Starting at the top of the records below, write out each line exactly as it stands, stopping after the line with "Grant Tour Intaglio"; exclude the pictures.

* **Stored dataset items**
-=-=-
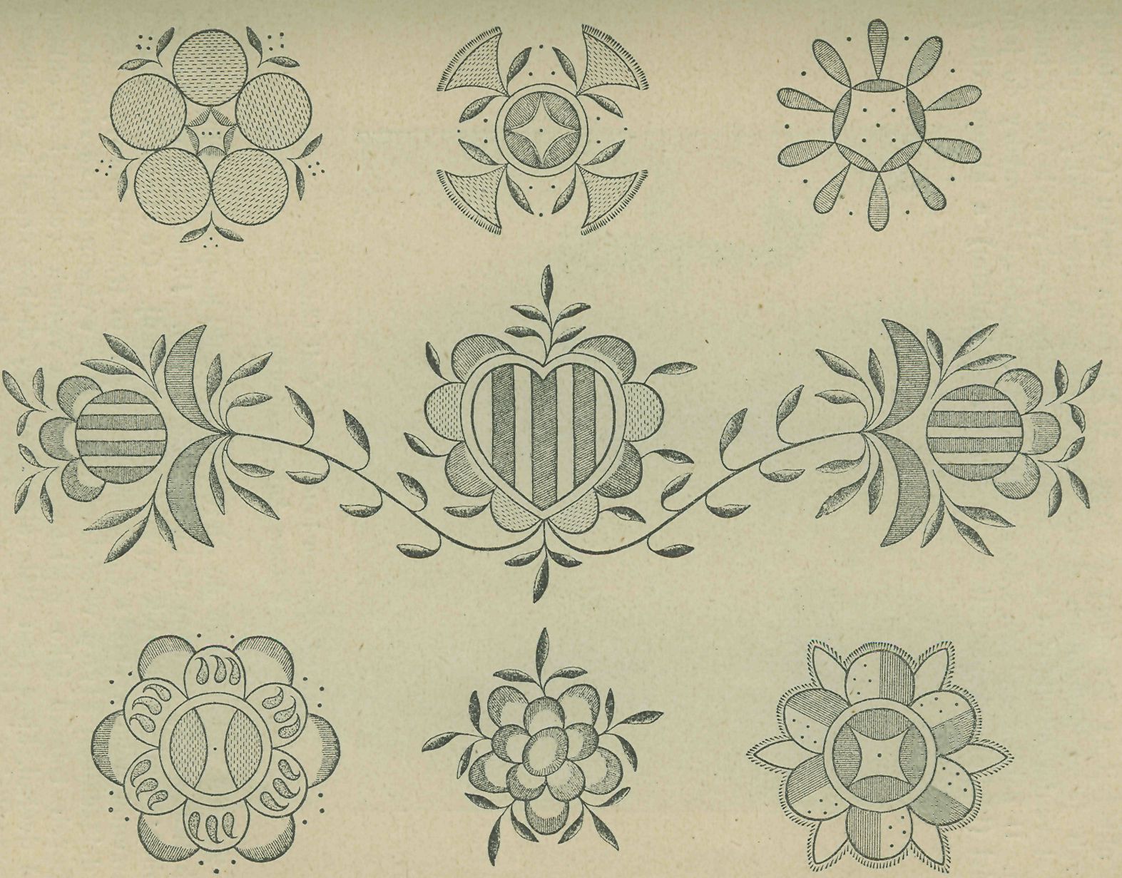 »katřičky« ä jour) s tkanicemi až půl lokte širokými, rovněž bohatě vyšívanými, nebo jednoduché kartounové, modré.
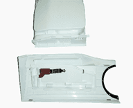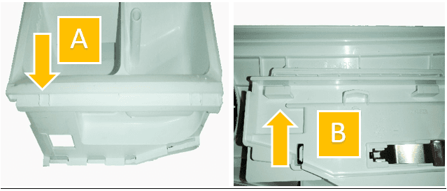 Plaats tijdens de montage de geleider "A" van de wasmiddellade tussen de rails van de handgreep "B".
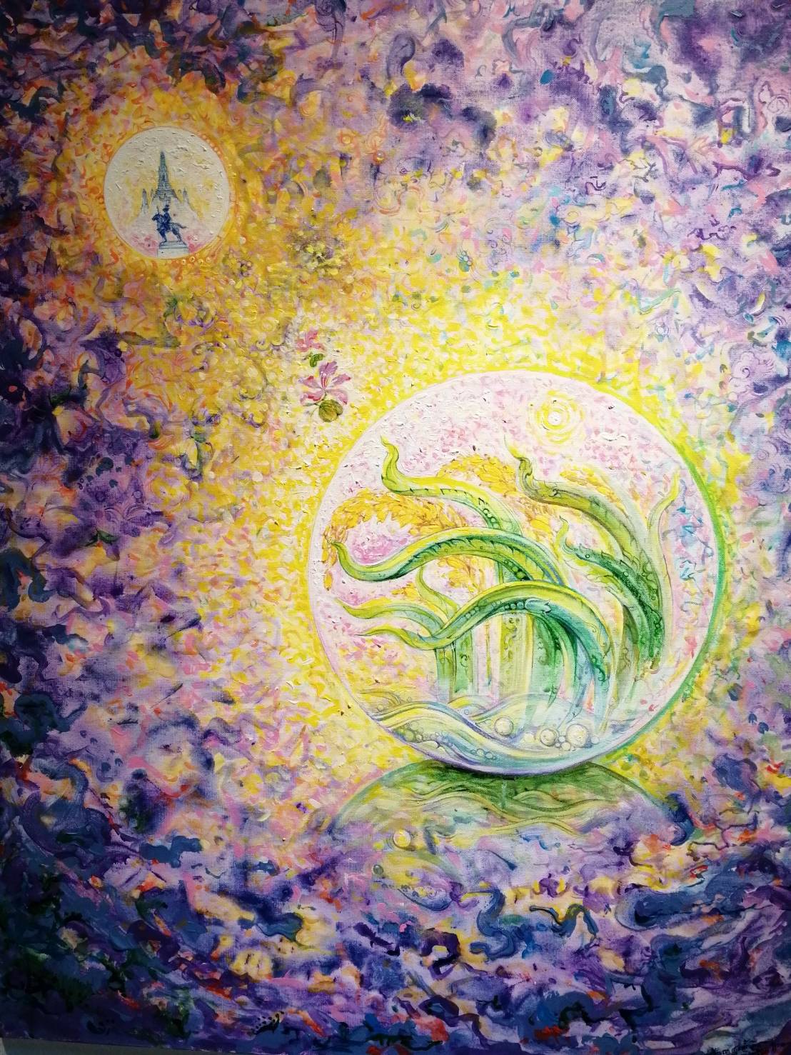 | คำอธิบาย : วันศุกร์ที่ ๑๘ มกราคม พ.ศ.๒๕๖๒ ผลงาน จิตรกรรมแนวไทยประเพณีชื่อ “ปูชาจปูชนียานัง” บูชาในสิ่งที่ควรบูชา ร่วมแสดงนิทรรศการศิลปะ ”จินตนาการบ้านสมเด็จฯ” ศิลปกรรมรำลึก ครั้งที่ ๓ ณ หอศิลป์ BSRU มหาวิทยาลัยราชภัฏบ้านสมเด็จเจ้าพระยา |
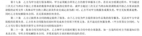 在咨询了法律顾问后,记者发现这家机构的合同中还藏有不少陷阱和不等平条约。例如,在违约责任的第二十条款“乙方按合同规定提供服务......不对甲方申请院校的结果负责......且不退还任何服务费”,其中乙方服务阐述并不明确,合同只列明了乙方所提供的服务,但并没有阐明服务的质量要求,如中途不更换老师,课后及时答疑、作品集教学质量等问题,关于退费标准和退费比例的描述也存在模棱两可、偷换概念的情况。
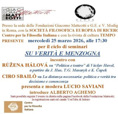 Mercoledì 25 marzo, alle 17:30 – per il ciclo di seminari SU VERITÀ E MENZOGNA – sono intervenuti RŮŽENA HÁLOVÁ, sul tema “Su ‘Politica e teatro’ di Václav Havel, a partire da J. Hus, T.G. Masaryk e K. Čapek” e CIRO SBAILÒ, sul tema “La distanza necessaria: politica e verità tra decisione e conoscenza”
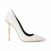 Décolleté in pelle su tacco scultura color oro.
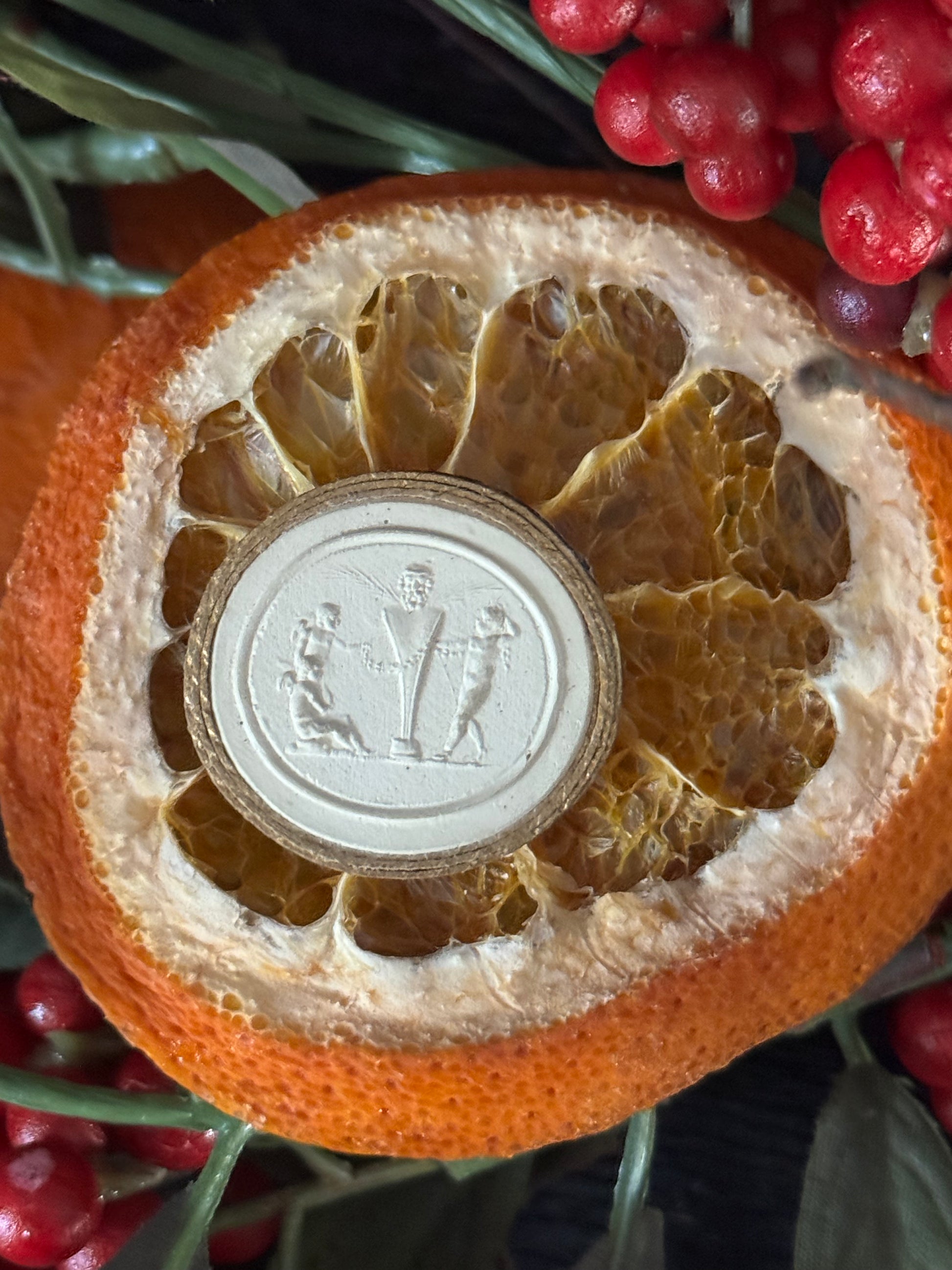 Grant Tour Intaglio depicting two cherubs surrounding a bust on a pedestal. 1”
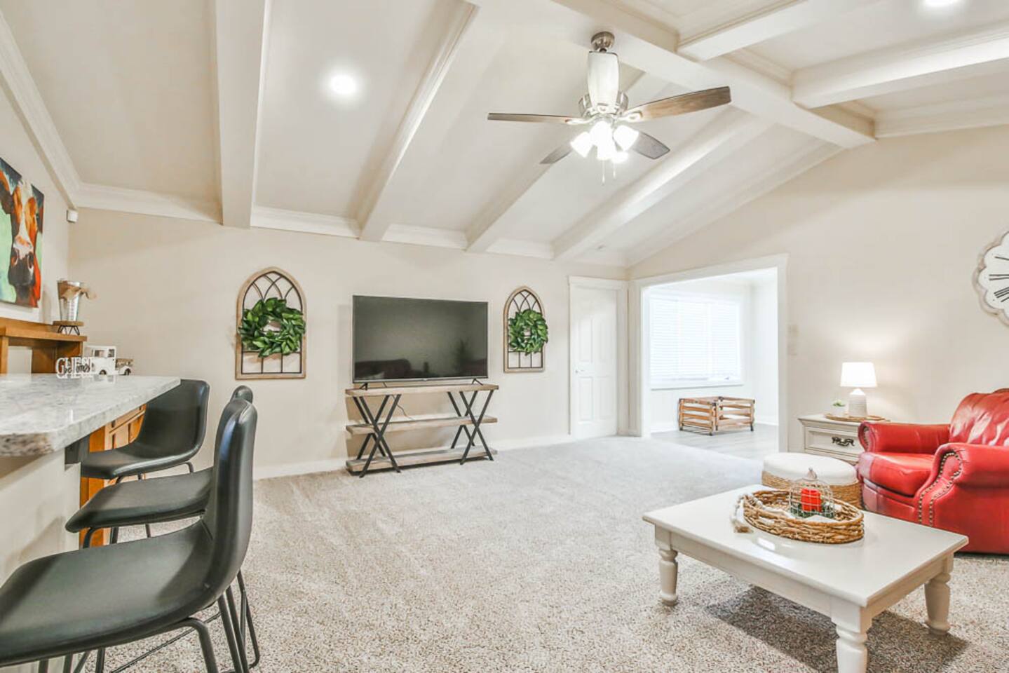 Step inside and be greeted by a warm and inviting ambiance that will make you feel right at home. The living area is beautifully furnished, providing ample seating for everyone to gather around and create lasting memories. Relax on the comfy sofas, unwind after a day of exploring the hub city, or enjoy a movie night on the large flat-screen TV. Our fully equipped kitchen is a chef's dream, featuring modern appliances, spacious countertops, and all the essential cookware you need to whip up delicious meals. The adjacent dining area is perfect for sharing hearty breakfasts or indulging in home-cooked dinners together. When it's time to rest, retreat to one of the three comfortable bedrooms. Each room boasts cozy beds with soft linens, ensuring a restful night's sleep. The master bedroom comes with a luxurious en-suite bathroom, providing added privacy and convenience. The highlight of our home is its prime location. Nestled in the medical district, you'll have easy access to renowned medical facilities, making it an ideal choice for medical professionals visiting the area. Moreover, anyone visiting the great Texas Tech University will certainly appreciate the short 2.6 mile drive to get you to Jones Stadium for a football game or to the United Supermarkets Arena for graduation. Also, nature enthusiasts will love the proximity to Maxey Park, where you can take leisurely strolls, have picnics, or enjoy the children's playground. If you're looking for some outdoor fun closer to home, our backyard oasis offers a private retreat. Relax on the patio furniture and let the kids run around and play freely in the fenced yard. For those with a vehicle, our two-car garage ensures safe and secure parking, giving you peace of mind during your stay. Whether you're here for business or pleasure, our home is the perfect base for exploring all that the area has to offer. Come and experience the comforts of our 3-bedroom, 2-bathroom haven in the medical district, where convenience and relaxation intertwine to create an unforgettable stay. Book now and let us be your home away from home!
-=-=-
* **RESULT OF THIS TASK**
 »katřičky« ä jour) s tkanicemi až půl lokte širokými, rovněž bohatě vyšívanými, nebo jednoduché kartounové, modré.
 Plaats tijdens de montage de geleider "A" van de wasmiddellade tussen de rails van de handgreep "B".
 | คำอธิบาย : วันศุกร์ที่ ๑๘ มกราคม พ.ศ.๒๕๖๒ ผลงาน จิตรกรรมแนวไทยประเพณีชื่อ “ปูชาจปูชนียานัง” บูชาในสิ่งที่ควรบูชา ร่วมแสดงนิทรรศการศิลปะ ”จินตนาการบ้านสมเด็จฯ” ศิลปกรรมรำลึก ครั้งที่ ๓ ณ หอศิลป์ BSRU มหาวิทยาลัยราชภัฏบ้านสมเด็จเจ้าพระยา |
 在咨询了法律顾问后,记者发现这家机构的合同中还藏有不少陷阱和不等平条约。例如,在违约责任的第二十条款“乙方按合同规定提供服务......不对甲方申请院校的结果负责......且不退还任何服务费”,其中乙方服务阐述并不明确,合同只列明了乙方所提供的服务,但并没有阐明服务的质量要求,如中途不更换老师,课后及时答疑、作品集教学质量等问题,关于退费标准和退费比例的描述也存在模棱两可、偷换概念的情况。
 Mercoledì 25 marzo, alle 17:30 – per il ciclo di seminari SU VERITÀ E MENZOGNA – sono intervenuti RŮŽENA HÁLOVÁ, sul tema “Su ‘Politica e teatro’ di Václav Havel, a partire da J. Hus, T.G. Masaryk e K. Čapek” e CIRO SBAILÒ, sul tema “La distanza necessaria: politica e verità tra decisione e conoscenza”
 Décolleté in pelle su tacco scultura color oro.
 Grant Tour Intaglio depicting two cherubs surrounding a bust on a pedestal. 1”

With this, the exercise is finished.